It is altogether proper that matzah is called the Bread of Affliction because it has been afflicted more than any other foodstuff on earth. It is born in a searing hot oven and then completely ignored for 51 weeks of the year while people walk around shamelessly eating leavened bread and crackers. Then, Passover rolls around, and it is smeared with various substances, ground up into balls, and, in the morning fried up into a counterfeit version of French toast. Everyone eats it and nobody likes it, and there's always one last box that sits untouched in the cupboard for months afterwards, lonely, broken, and utterly unloved.

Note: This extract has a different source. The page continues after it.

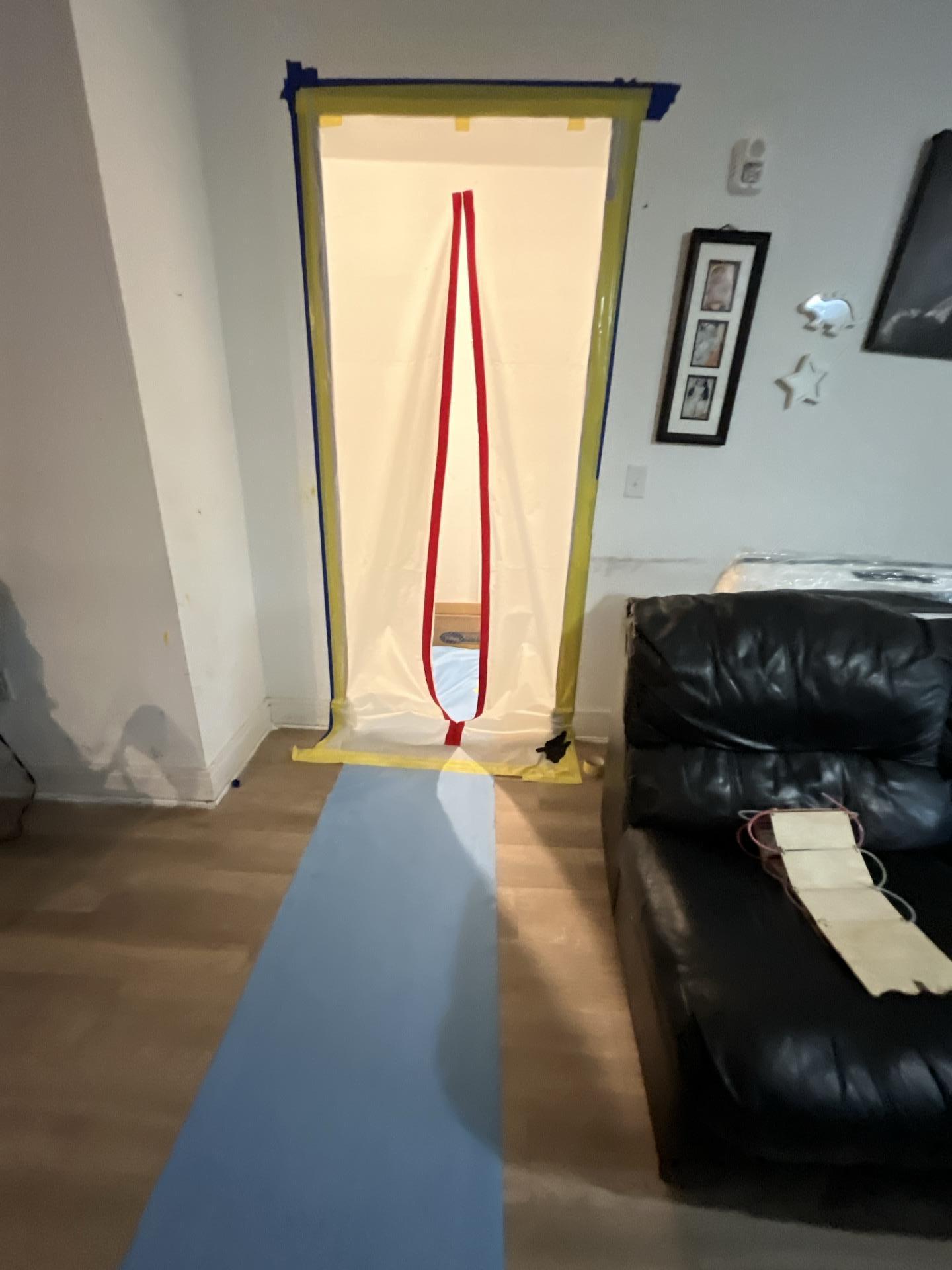 Plastic containment barrier with a zippered entry taped to a doorway, used to isolate contaminated areas during mold remediation.

Of course, it is particularly impossible for free and fortunate people such as ourselves to envision a life of slavery, but as an exercise in imagining our ancestors, place a large square of matzah in your mouth and eat it. Listen to the cacophonous crunches in your ears like the blows of the slave driver’s whip. Feel the searing dryness in your mouth like the thirst of the Hebrew slaves for freedom. And then, with your mouth full of matzah, try to say the Shema, and watch the particles of oppression scatter across the table. Slavery spreads like a spray of crumbs, and it is very difficult to rid ourselves of slavery's great moral shame, which is why, even thousands of years after the Exodus, there are so many people enslaved, and why, even weeks after Passover, there are so many matzah crumbs in the house.